Markets started lower but managed to work their way back to positive territory to end the week. Bond yields were higher again and Russia cut oil production by 5% to push crude higher along with the energy sector. No big news out during the day left traders to do their own thing without influence… as you can see on the chart that just led to more indecision. Earnings were again mixed with some beats and some misses. Now we take the weekend to dig in some and formulate a plan for the coming week. A look at the charts shows the S&P 500 index closing back above the 4086 key level. It showed some resilience to bounce off the lows of the day. The NASDAQ shows a flag pattern breaking below the 10 DMA and the uptrend line on the move from the January lows. No decisions for investors relative to direction as they weigh the outlook for the markets as it relates to growth and inflation. The topic of choice remains the Fed and the labor markets. The Fed Chair and presidents all stated that inflation is starting to ease, but interest rates will still likely rise. The focus on the Fed comments were the two data points from last week that we discussed… employment data was too high and the ISM Services showed positive growth. All the Fed heads talked about both as a need to continue to hike rates. Cryptocurrency got slaughtered on Thursday as Kraken settled with the SEC on staking operations… fear of regulatory issues remains in the sector some more selling on Friday. All said the leaders need to take control if the upside is to resume.
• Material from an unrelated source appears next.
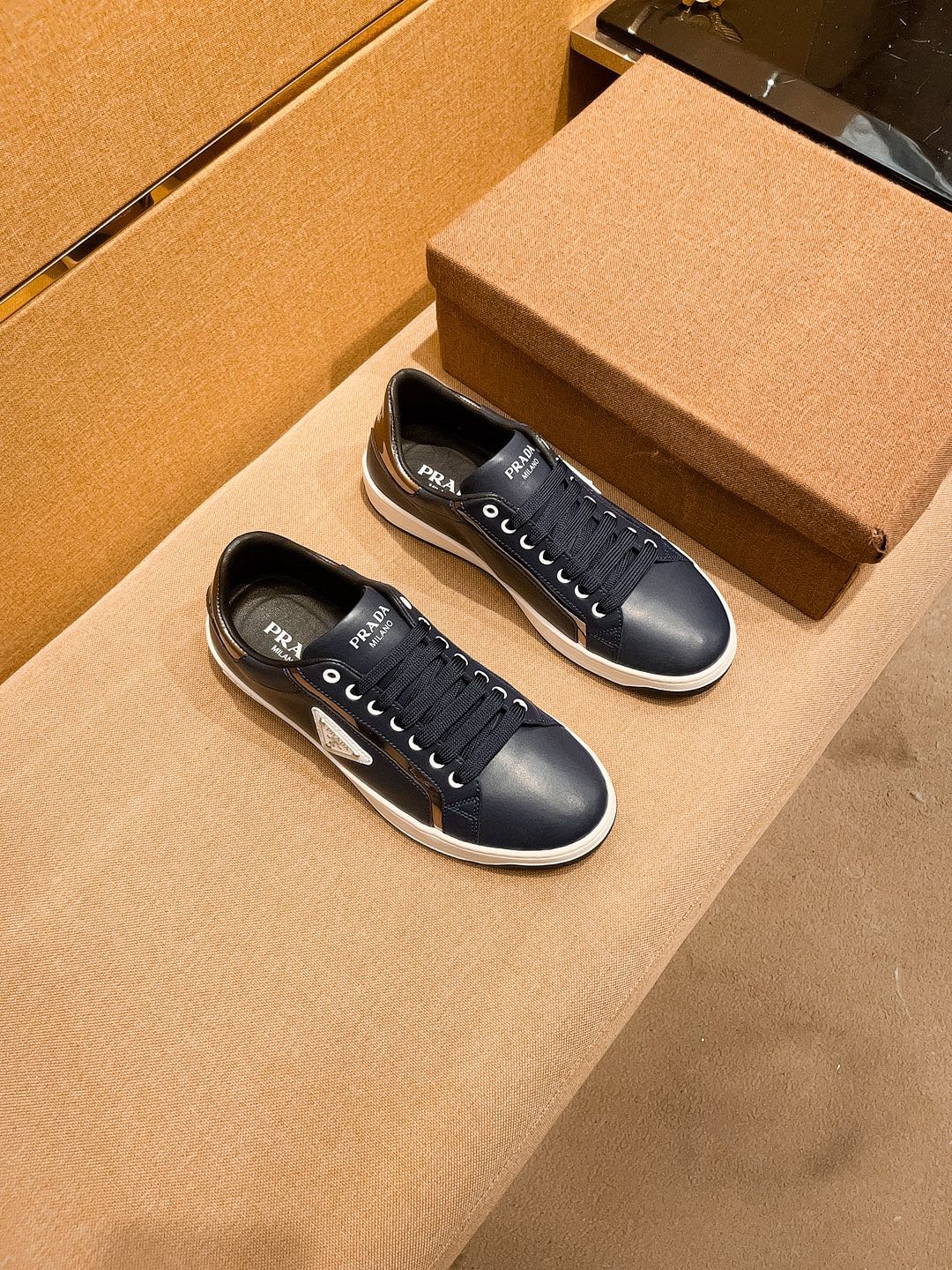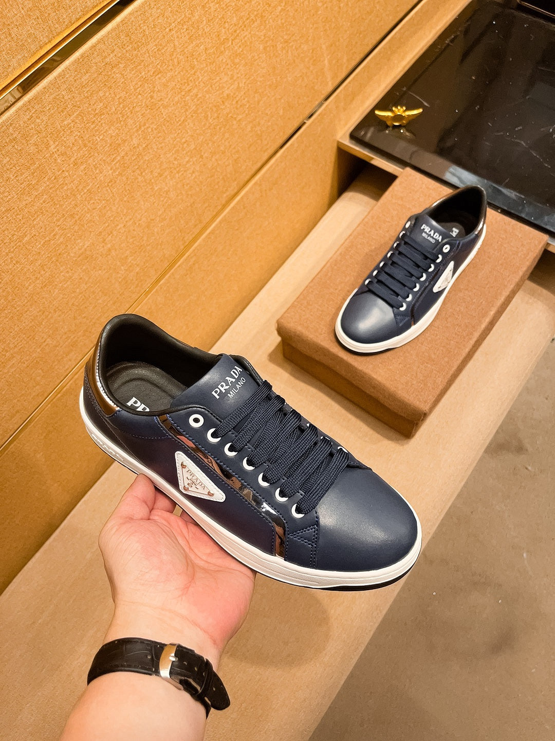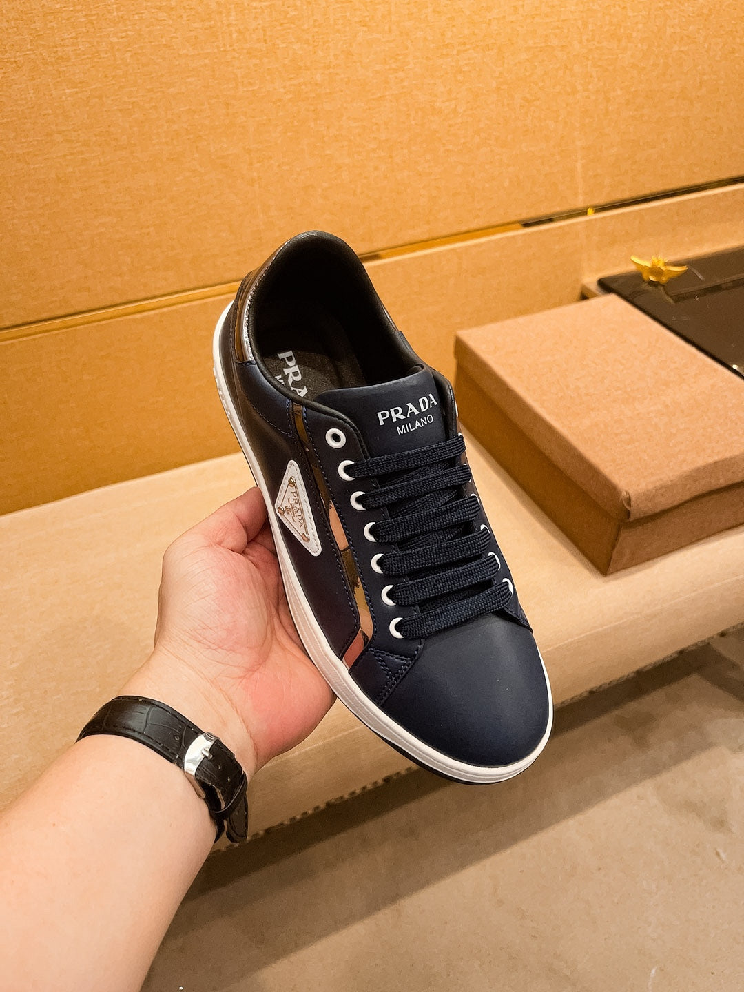 PRA SNEAKER IN NAVY BLUE CALFSKIN WITH GLOSSY GOLDEN
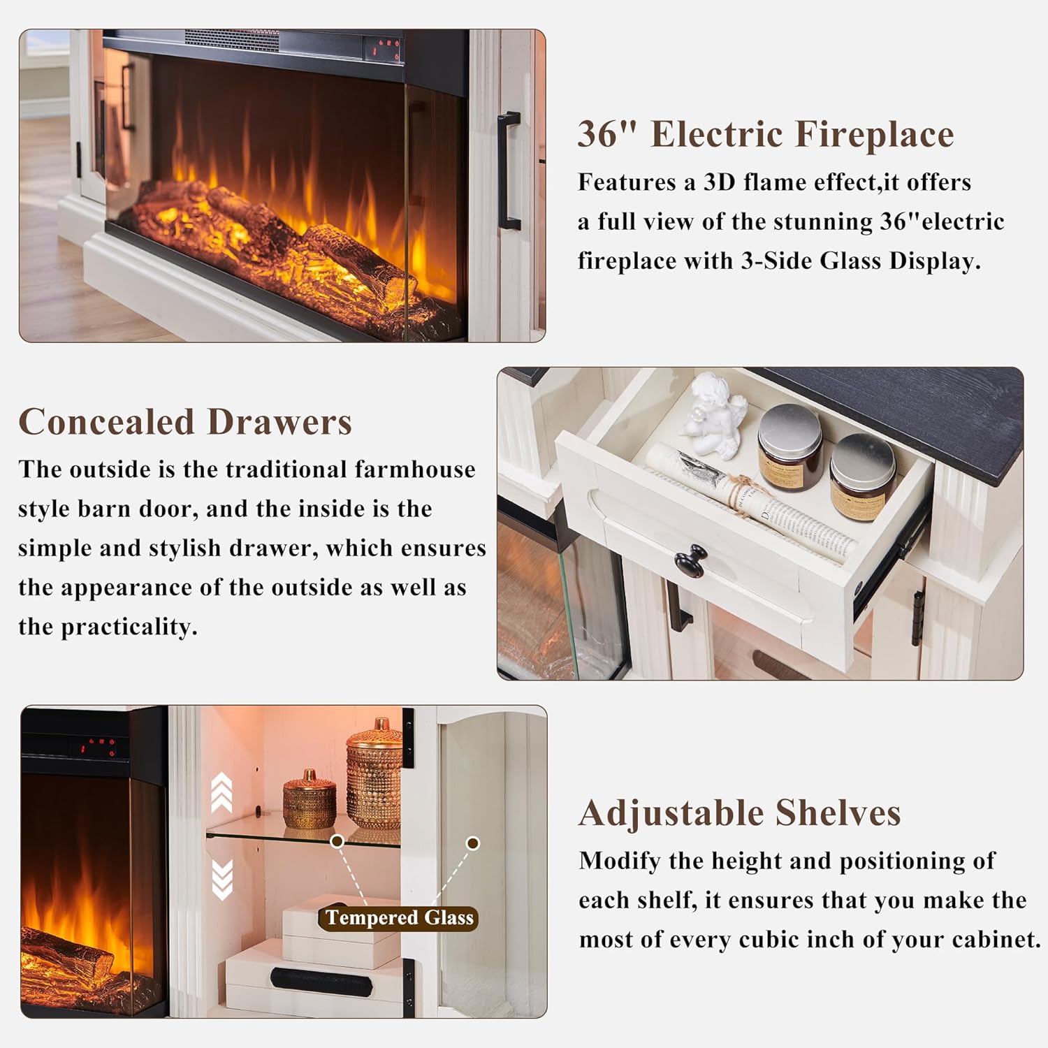 【Safe and Durable Crafted from MDF】It boasts double top panels and a 4” thickened base for long-term sturdiness, Holds up to 300 lbs with ease. High-Quality mute slide rail and hinges offer a cushioned anti-pinch function. Rest easy with our Fireplace Safety Guarantee, featuring overheat protection and ETL/FCC certifications. All the glass in this cabinet is high-strength tempered, which can provide higher strength and minimize damage. Elevate your home with this reliable and chic addition!

Indexes are showing signs of retracing their gains and thus we hit some stops, took some more gains, and letting this unfold.
The volume was average, the VIX closed at 20.5 climbing during the week and showing anxiety among investors. The S&P 500 index closed up 0.2% for the day. The NASDAQ was down 0.6%. Small Caps (Russell 2000) were up 0.2%… mixed day for stocks. The ten-year treasury yield closed at 3.74% up 6 bps for the day as TLT reversed on the rise in rates and broke support. Crude (USO) was up 2.8% after Russia announced a 5% cut in oil production. Gasoline (UGA) was up 2.6% and holding near the 50 DMA. Natural gas (UNG) was up 5.2% and holding near the April 2021 lows. The dollar was higher on the day. We adjusted our stops and will focus on managing the risk as we hit targets on the upside position.
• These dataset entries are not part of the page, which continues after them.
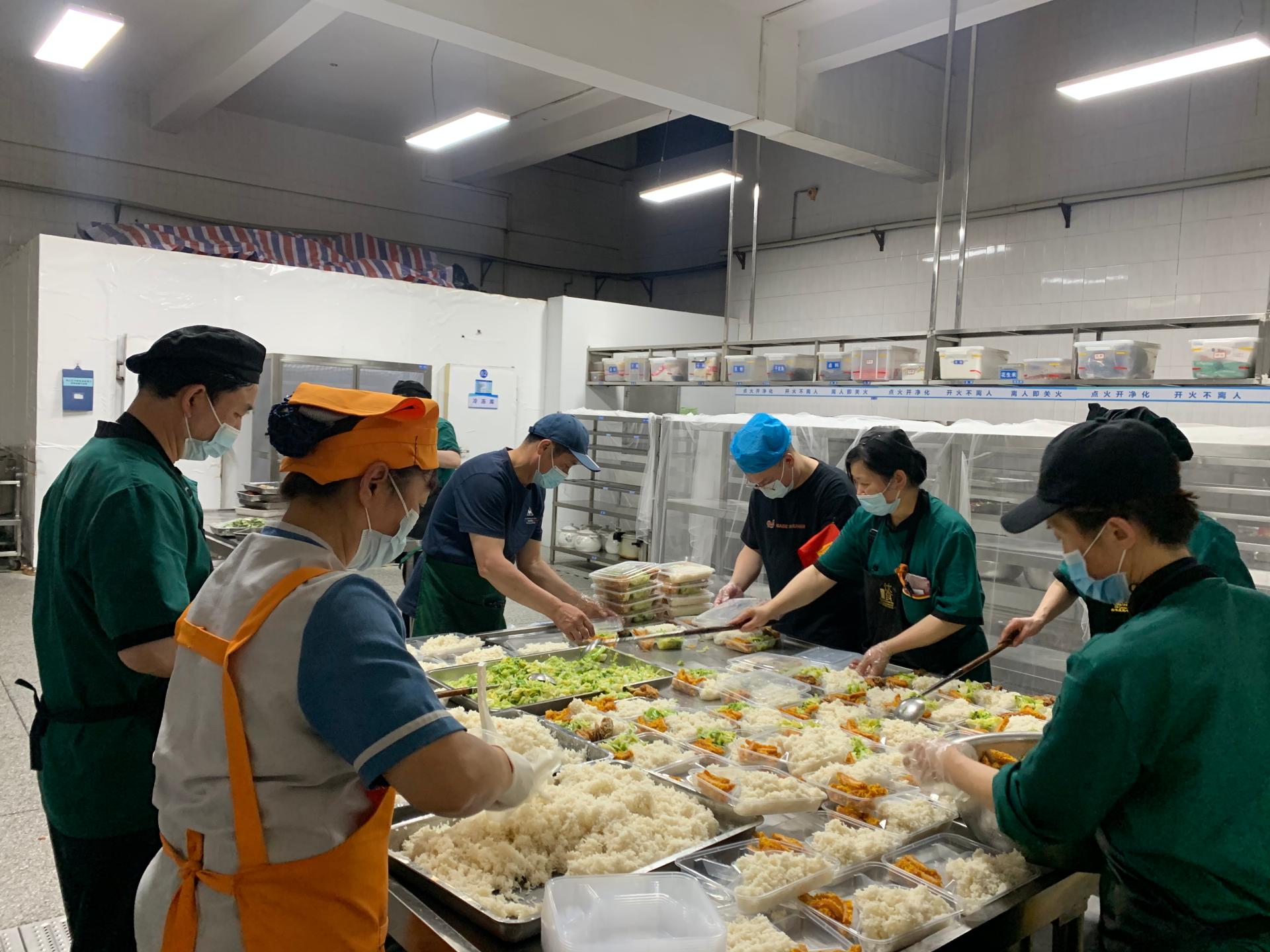 為保障學(xué)生正常用餐,飲食服務(wù)中心召集員工推遲下班,在時(shí)間緊、任務(wù)重的情況下,爭(zhēng)分奪秒做飯、打包、送餐,4月9日晚餐,為學(xué)生、醫(yī)護(hù)人員、保衛(wèi)值守人員和樓管員等送餐上千份。4月10日,為不耽誤食堂早餐的正常供應(yīng),飲食服務(wù)人員凌晨4點(diǎn)開(kāi)始制作早餐,7點(diǎn)半便將上千份早餐打包配送到了有關(guān)樓棟。4月10日全天,飲食服務(wù)中心配送早、中、晚餐共計(jì)5000多份。
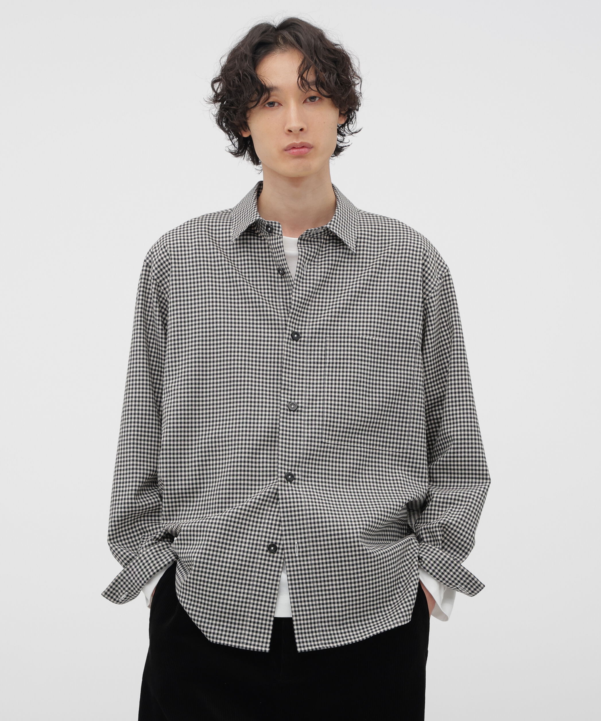 細くしなやかな原毛を使った、すっきりとした表情のウールシャツ。オリジナルスケールで組んだギンガムチェックに、ウォッシャブル加工を加えた扱いやすいタッ.. |
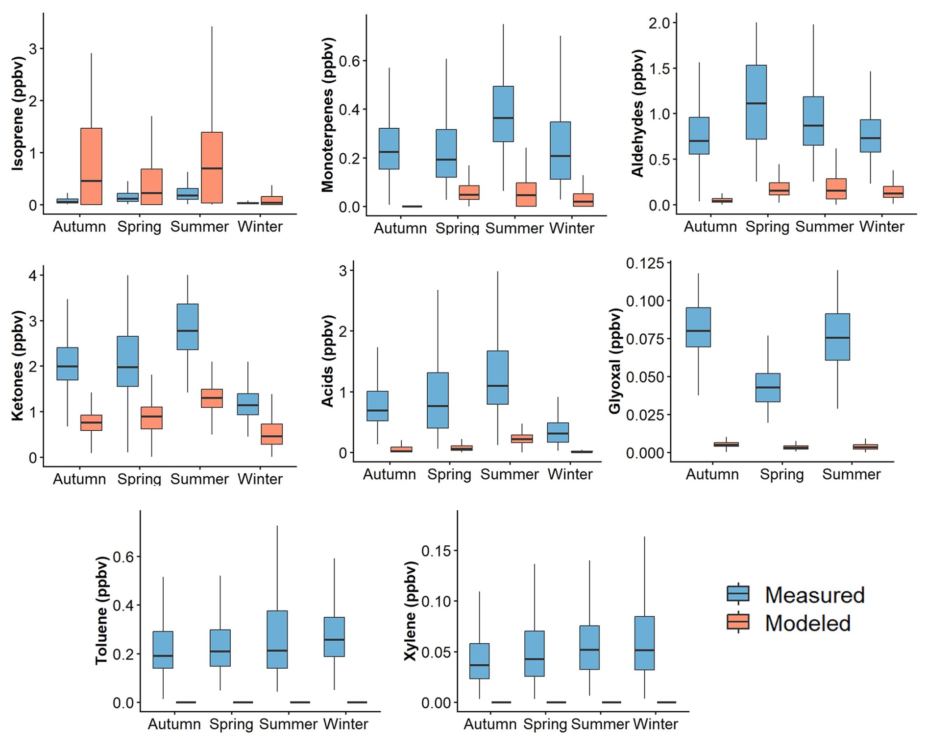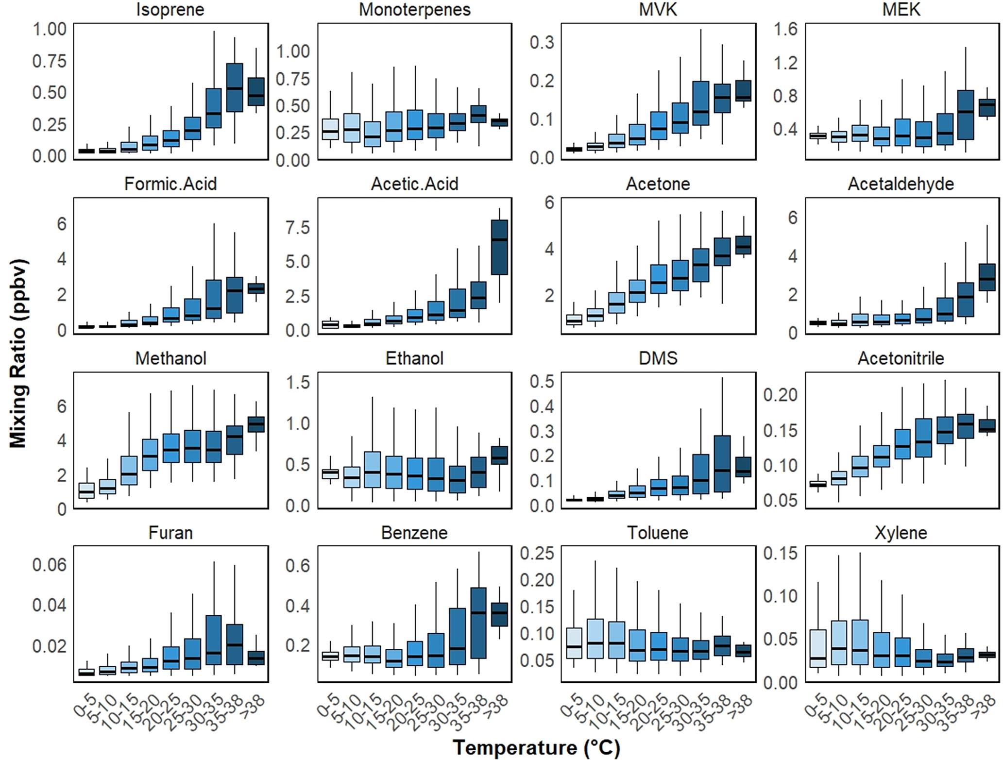 Figure 5Temperature Dependence of Ambient VOC mixing ratio in Cyprus. Box plots showing the variation in ambient mixing ratio (in ppbv) of selected VOCs across different temperature ranges (°C) at a rural background site in Cyprus. Each box represents the interquartile range (IQR) with the median marked, and whiskers indicating variability outside the upper and lower quartiles. The VOCs selected in this figure are serve as representative indicators for their respective chemical families.

Things to Watch This Week: 1) CPI on Tuesday. 2) Retail Sales and Empire State PMI on Wednesday. 3) Housing Starts, Permits, PPI, and Philly Fed on Thursday.
Key Data: 1) New York Fed inflation expectation (5% versus 5% previous). 2) Wholesale Inventories (0.1% versus 0.1% previous. 0.1% expected). Consumer Credit ($12 billion versus $28 billion previous. $27 billion expected). 3) Jobless Claims (196k versus 183k previous. 192k expected). Continuing Claims (1.69 million versus 1.65 million previous). 4) University of Michigan Consumer Sentiment Index (66.4 versus 64.9 previous. 65.1 expected). 5) Powell speaks on Tuesday… all ears want to hear if he has truly changed his tone inflation. Powell in his comments did seem confident that inflation is declining and we are on the path to a soft landing… markets liked what he had to say… if he truly believes that, equities will rally in response… until which time earnings fall based on slower growth. He didn’t address the growth side of the equation, but he did elude to disinflation as part of the process. Remember, don’t fight the Fed.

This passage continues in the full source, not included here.